The difficulty in this matter arises from the fact that we can describe the divine knowledge only after the manner of our own, at the same time pointing out the temporal differences. For example, if we were to describe God’s knowledge as it is, we should have to say that God knows that this is, rather than that it will be; for to Him every thing is present and nothing is future. For this reason, Boethius says that His knowledge of future things "is more properly called providence than foresight," since He sees them all, as it were, from a great distance, in the mirror of eternity. However, it might also be called fore sight because of its relation to other things in whose regard what He knows is future.

Answers to Difficulties:

Although a contingent is not determined as long as it is future, yet, as soon as it is produced in the realm of nature, it has a determinate truth. It is in this way that the gaze of divine knowledge is brought upon it.

2. As was said, a contingent is referred to divine knowledge ac cording to its act of existence in the realm of nature. Moreover, from the moment that it is, it cannot not be when it is; for, "what is must be when it is," as is said in Interpretation. It does not follow, however, that it is necessary without any qualification or that God’s knowledge is defective —just as my sense of sight is not deceived when I see that Socrates is sitting, although this fact is contingent.

3. A contingent is said to be necessary in so far as God knows it, because He knows it, not as something already present. Nevertheless, no necessity arises from the fact that it is going to be, so that one could say that it comes about necessarily; for event applies to something which is to be, because what already is cannot eventuate. But that it has happened is true, and this is necessary.

4. The necessity referred w in the statement, "Whatever is known by God is necessary," can concern either the manner of speaking or the thing spoken about. If the necessity is applied to the manner of speaking, then the proposition is composite and true. Its meaning will be as follows: It is necessary that whatever is known by God exists, since it is not possible that God would know something to be and it would not be. If the necessity is applied to the thing spoken about, then the proposition is divided and false. Its meaning will be as follows: What is known by God must necessarily exist. But, as is clear from what has been said, things do not happen necessarily simply because God knows them.

One might object that this distinction is valid only in regard to forms, such as whiteness and blackness, which can succeed one another in a subject, but that since it is impossible for something once known by God later not to be known by Him, this distinction does not apply here. However, we reply that, although God’s knowledge does not change but always remains the same, the condition according to which a thing is referred to His knowledge does not always remain the same will respect to that knowledge. For a thing is related to God’s knowledge as it is in its own present existence, yet present existence does not always belong to it. Hence, we can consider the thing either together will its condition of being present or without it, and, consequently, we can consider it either in the manner in which it is referred to God’s knowledge or in some other manner. In this way, the afore-mentioned distinction is valid.

5. If this proposition concerns the thing, then it is true that necessity is applied to the thing itself which is known by God; but if it concerns the manner of speaking, then the necessity is not applied to the thing but to the relation of His knowledge to the thing known.

6. Neither our science nor God’s knowledge can be about future contingents. This would be even more true if He knew them as future. He knows them, however, as present to Himself and future to others. Therefore, the objection does not stand.
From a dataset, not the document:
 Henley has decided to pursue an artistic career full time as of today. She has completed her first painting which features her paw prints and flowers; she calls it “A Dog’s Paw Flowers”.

7. There have been many opinions about this. Some say that the antecedent, "This is known by God," is contingent because, although it refers to something in the past, it nevertheless implies a relation to the future, and therefore is not necessary. For example, when it is said, "This was going to happen," the was does not mark the event as necessary, since what was going to happen could have failed to do so; for, as is said in Generation and Corruption: "He who is about to walk, will not walk." This argument, however, is invalid; for when one says, "This is future" or "This was future," one designates the ordination of the causes of that thing to its production. Now, although it is possible that the causes ordained to a certain effect can be impeded in such a way that the effect will not follow from them, it is not possible to prevent their having been at some time ordained to produce this effect. Hence, even if that which is future should be able not to hap pen in the future, it will never be able at any time not to have been a future.
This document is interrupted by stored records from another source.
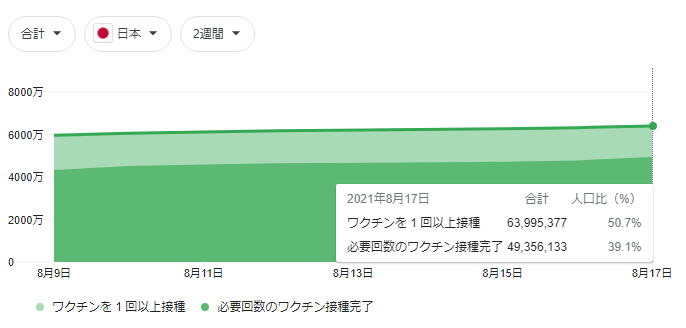 現在 日本ではワクチンを1回以上接種している人は約6,400万人で50.7%、必要回数の接種が完了している人は約4,900万人で39.1%となっています。(提供元:Our World in Data)
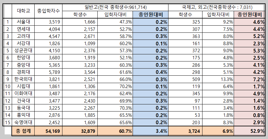 2023년 모집인원인 7,031명을 기준으로 한 비율로도 상위 15개의 대학 입학자수가 국제고, 외고 총학생수의 절반이 넘습니다.
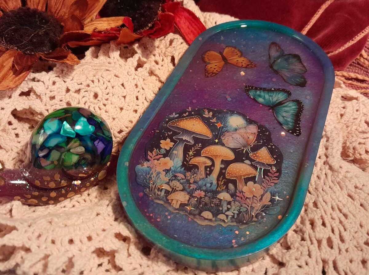 - Trinket Tray and Snail Buddy GIFT SET Handmade Decor Fantasy Mushrooms Bathroom

For this reason, others say that this antecedent is contingent since it is composed of a necessary and a contingent; for God’s knowledge is necessary, but what is known by Him is contingent, and each of these is included in the antecedent mentioned in the difficulty. For example, the following are contingent: "Socrates is a white man," or "Socrates is an animal and he runs." However, this argument, too, is invalid, for the truth of a proposition is not affected by the necessity and contingency of that which is affirmed materially in a proposition. The truth of a proposition is determined only by the principal com position. Hence, the same character of necessity and contingency is found in each of the following: "I think that man is an animal" and "I think that Socrates is running." Consequently, since the principal act signified in the antecedent, "God knows Socrates is running," is necessary, no matter how contingent the thing may be which is affirmed materially, this still does not prevent the afore-mentioned antecedent from being necessary.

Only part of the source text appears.